■ RECORDED INFORMATION:

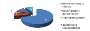 В 2006 году структура общей продолжительности оборота оборотного капитала характеризуется значительной продолжительностью нахождения оборотных активов в производственных запасах, что свидетельствует о большой продолжительности производственного цикла (рисунок 3).
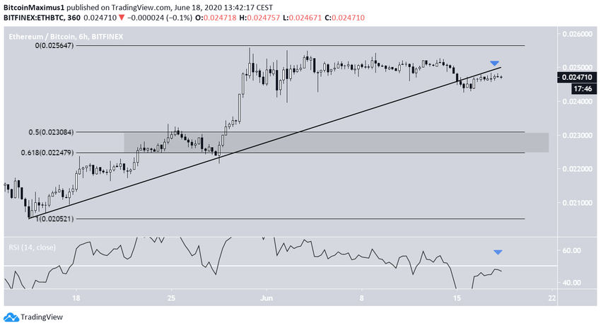 График ETH/BTC также обрисовывает медвежью картину. Пара совершила нисходящий пробой линии восходящей поддержки, которая сопровождала цену с 16 мая. Сейчас рынок пытается утвердить этот уровень в качестве сопротивления. Как и в случае с ETH/USD, индикатор RSI отскочил от области 50 и снижается.
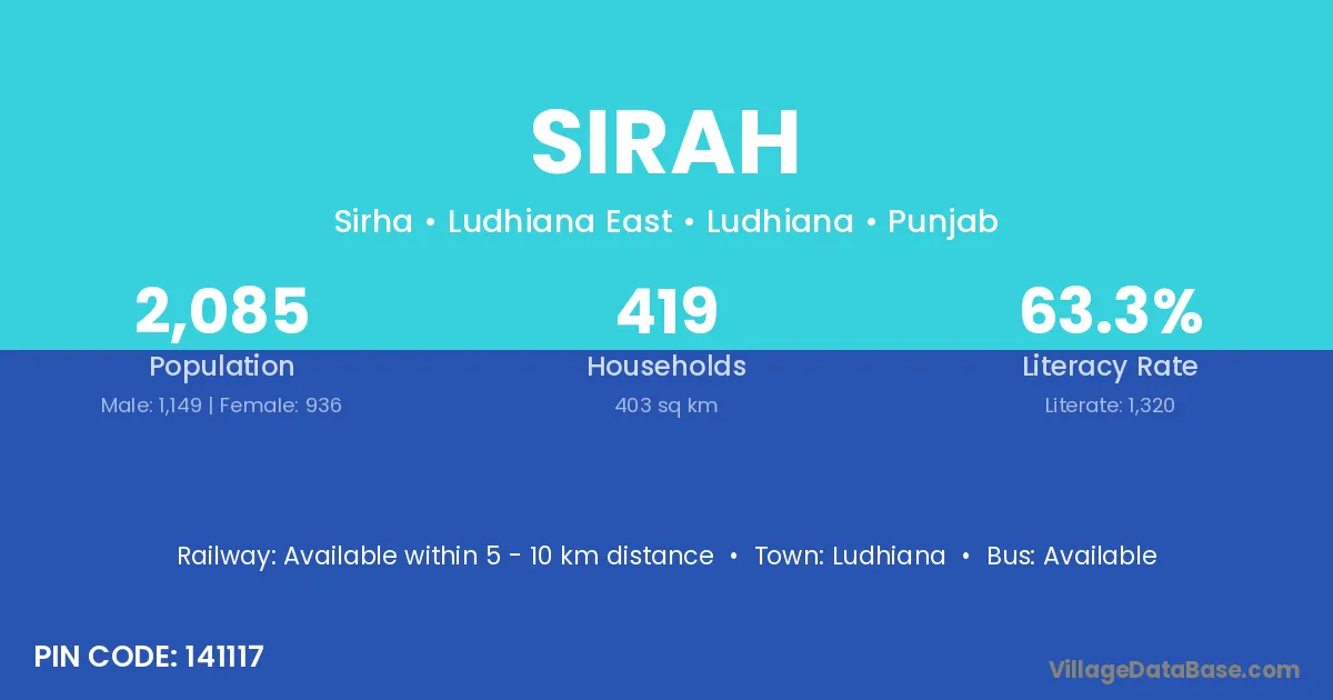 Ludhiana is the nearest town to Sirah village for major economic activities

■ WHAT YOU WILL DO: Leave every picture out and write out exactly the lines from the line with "График ETH/BTC также" through the last line of the material.

■ SOLUTION TO THIS EXERCISE:
 График ETH/BTC также обрисовывает медвежью картину. Пара совершила нисходящий пробой линии восходящей поддержки, которая сопровождала цену с 16 мая. Сейчас рынок пытается утвердить этот уровень в качестве сопротивления. Как и в случае с ETH/USD, индикатор RSI отскочил от области 50 и снижается.
 Ludhiana is the nearest town to Sirah village for major economic activities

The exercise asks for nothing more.